The York NAACP president did not mince words about the group's position concerning Pennsylvania's new voter identification law.
"We are against it, period," said Sandra Thompson, the group's president. "If you're going to have (the law), why not do it in a way that votes are not suppressed when you know that such a high number of people are going to be affected?"
There is no documentation of voter fraud to warrant such a law, said Thompson, who is an attorney.
She said the York NAACP plans to participate in a rally in opposition to the law at 1 p.m. Tuesday on the steps of the State Capitol in Harrisburg.
The York group plans to take a bus to the rally and will leave York at 11:30 a.m. Tuesday from the Walmart parking lot area at the West Manchester Mall, 1800 Loucks Road.
There is room for 44 people. Each rider will be asked to donate $5 to help pay transportation costs for the trip. The bus will return to York at 4 p.m.,
The rally is a joint effort of the American Civil Liberties Union, the State Conference National Association for the Advancement of Colored People and the League of Women Voters.

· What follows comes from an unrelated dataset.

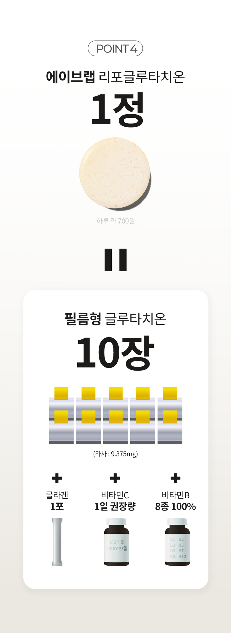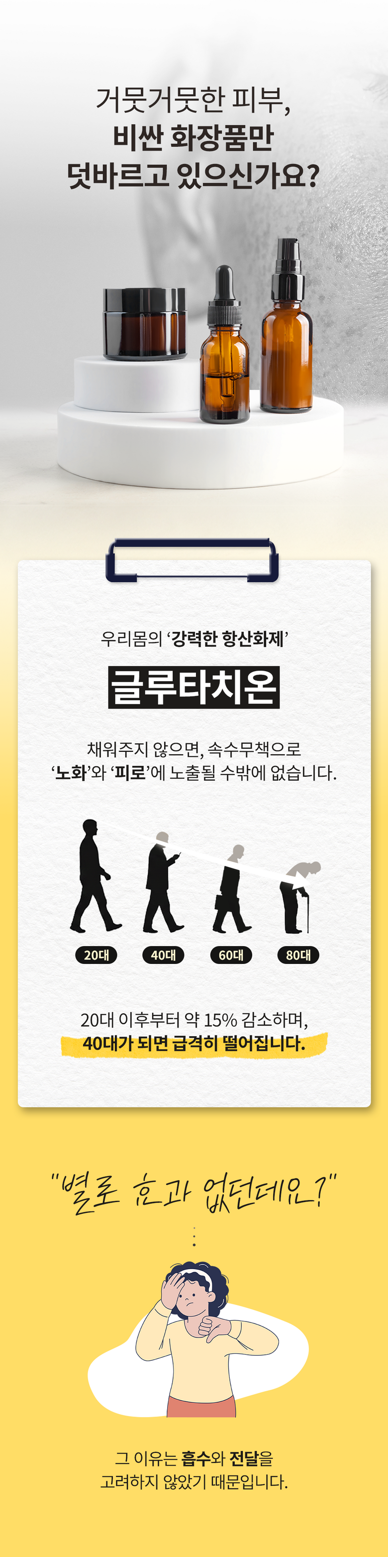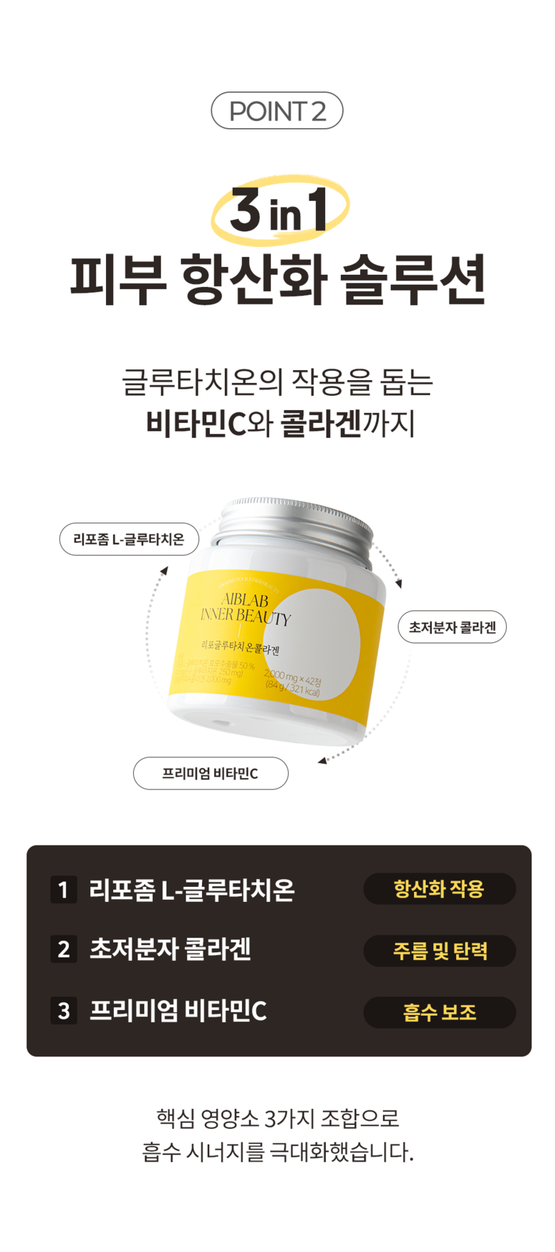 | 포장단위별 내용물의 용량(중량), 수량 | 2000mg x 42정(84g/310kcal) | 원재료명 및 함량 | 초저분자피쉬콜라겐,자일리톨16.539%,오렌지농축분말(덱스트린,오렌지농축액,아라비아검),이소말트10.532%,리포좀L-글루타치온 효모추출물50%(효모추출물,레시틴),오렌지맛분말,비타민C,혼합제제(오렌지주스,덱스트린,유당,오렌지오일,펙틴),스테아린산마그네슘,니코틴산아미드,혼합제제(dl-a-토코페롤,변성전분,포도당시럽분말,이산화규소),혼합제제(말토덱스트린,정제수,구연산삼나트륨,구연산,비타민B12),비타민B6염산염,비타민B2,리포좀비타민C혼합제제(비타민C,말토덱스트린,글리세린,레시틴),엘라스틴가수분해물,화이트토마토농축추출분말,밀크씨슬추출물분말,혼합제제(트레할로스,히알루론산),이산화규소,효소처리스테비아,무수구연산,dl-사과산,우유단백질,선인장열매농축분말,대두,우유,토마토함유 |

Those groups have filed lawsuits to overturn the voter ID law, which goes into effect this fall. They're holding the rally a day before hearings on the matter begin in Commonwealth Court.
In November, people without identification will have to cast a provisional ballot and will have six days to fax, email or show in person a photo ID to the county's elections office.

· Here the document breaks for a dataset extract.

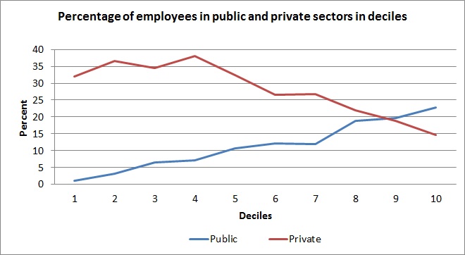 نمودار زیر نشان می دهد که افرادی که شاغل بخش دولتی هستند، در وضعیت درآمدی و هزینه ای بهتری قرار دارند.

The ID has to be a government-issued, unexpired photo identification card, such as a driver's license or Department of Transportation-issued non-driver's identification card, a passport, military identification, or an employee photo identification issued by county, state, federal or municipal government.

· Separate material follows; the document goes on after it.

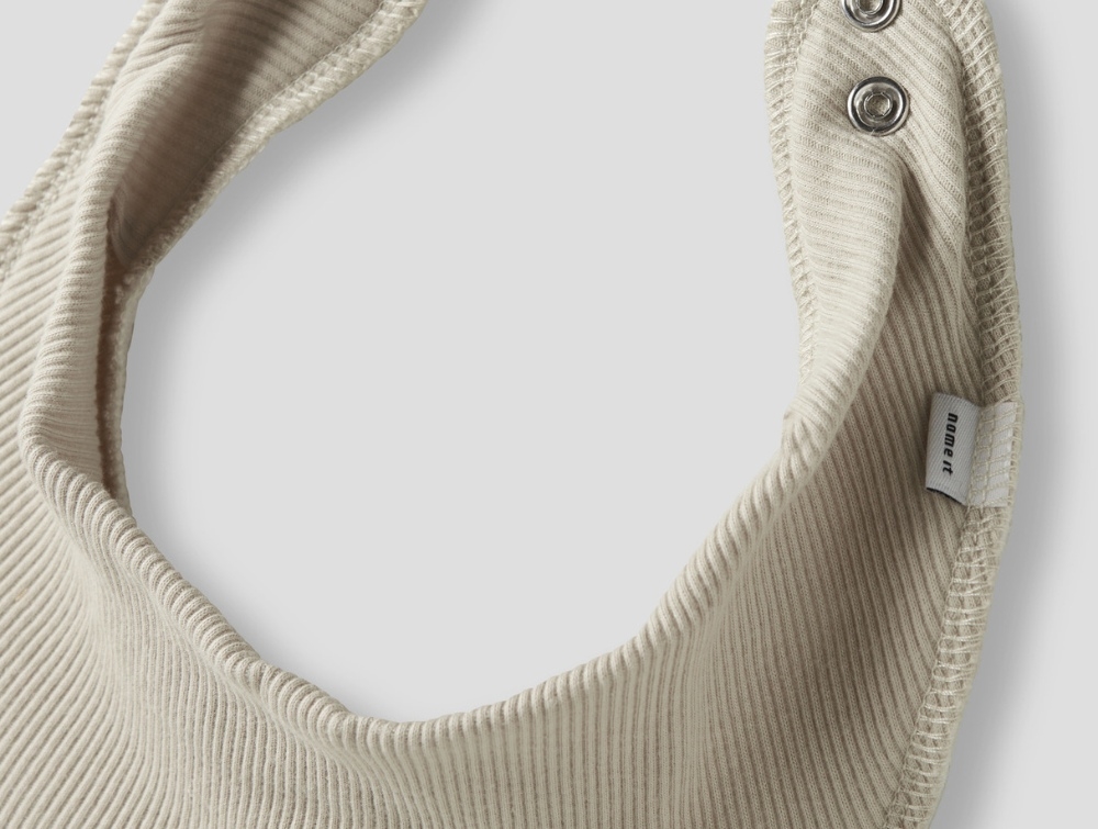 Hagesmækkerne lukkes med trykknapper i nakken og har en let trekantet form, som beskytter tøjet mod savl og pletter. En praktisk og sød detalje i hverdagen.

Early estimates, done when lawmakers were considering the voter ID bill, had about 90,000 voters statewide lacking a driver's license. Now the number is up to about 759,000.
The law is meant to help deter voter fraud, although the Department of State has said the state doesn't keep track of documented cases of voter fraud and couldn't cite specific instances of it occurring.
How to get one: To get an ID, Pennsylvania residents can visit a Pennsylvania Department of Transportation office and fill out an Oath Affirmation form. A Social Security card, a birth certificate or certificate of U.S. citizenship or naturalization, and two other proof of identification methods are needed, such as a utility bill or lease.
If a person doesn't have a birth certificate, PennDOT is willing to call to confirm the details with state records on behalf of the customer. PennDOT will issue the identification cards -- which typically cost $10 -- free to people who say they need them to vote. Thompson said the voter ID law violates laws that prohibit the state from mandating the public to pay fees to vote.
In order to get the photo ID required by the voting law, people would have to use birth, marriage or divorce certificates to verify their identities or the surnames they now use. There are fees associated with obtaining those certificates if people don't have them at hand, Thompson said.
Several people would have to travel out of state to get their birth certificates. Many people don't have driver's licenses because they use public transportation, she said. Even using money to pay for a cab, bus or gas needed to go to a PennDOT office to get the required ID for voting is considered a fee, she said.
The York NAACP has been working to get people registered to vote and to help them work through identification issues that could result in their being turned away at the polls in November, Thompson said.
"We want to educate the community on their rights and responsibilities," she said. "And we're encouraging people to join us for this rally."
If you go:A rally to oppose the new voter ID law is at 1 p.m. Tuesday on the steps of the State Capitol in Harrisburg.
The York NAACP will take a bus to the rally. Boarding time is 11:30 a.m. Tuesday from the Walmart parking lot area at the West Manchester Mall, 1800 Loucks Road.
There is room for 44 people. Each rider will be asked to give a $5 donation to help pay transportation costs. The bus will return to York at 4 p.m.